1. To find the derivative of f(x) = sqrt(1-x^2), we can use the chain rule:
f'(x) = -x / sqrt(1-x^2)
2. To find the critical points of f(x) = 4x^3 + 3x^2 - 6x + 1, we need to find the values of x where f'(x) = 0 or f'(x) is undefined.

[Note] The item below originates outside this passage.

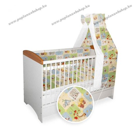 Baba 4 részes ágynemű szett: baldachinnal, rácsvédővel, paplannal és párnával. Termékjellemzők: - Baba 4 részes ágynemű szett. - Kitűnő választás ajándéknak is! - A garnitúra tartalma: 1 db paplan (90×140 cm): összetétel: töltet 100% poliészter, borít

First, we find the derivative:
f'(x) = 12x^2 + 6x - 6
Setting f'(x) = 0, we get:
12x^2 + 6x - 6 = 0
Simplifying, we get:
2x^2 + x - 1 = 0
Using the quadratic formula, we get:
x = (-1 ± sqrt(1 + 8)) / 4
x = -1 or x = 1/2
So, the critical points are x = -1 and x = 1/2.
3. To use the second derivative test to find the local minima and maxima of f(x) = 1 + 3x^2 - 2x^3, we need to find the critical points and the second derivative:
f'(x) = 6x^2 - 6x
Setting f'(x) = 0, we get:
6x^2 - 6x = 0
Simplifying, we get:
6x(x - 1) = 0
So, the critical points are x = 0 and x = 1.
f''(x) = 12x - 6
At x = 0, f''(0) = -6, so f(x) has a local maximum at x = 0.
At x = 1, f''(1) = 6, so f(x) has a local minimum at x = 1.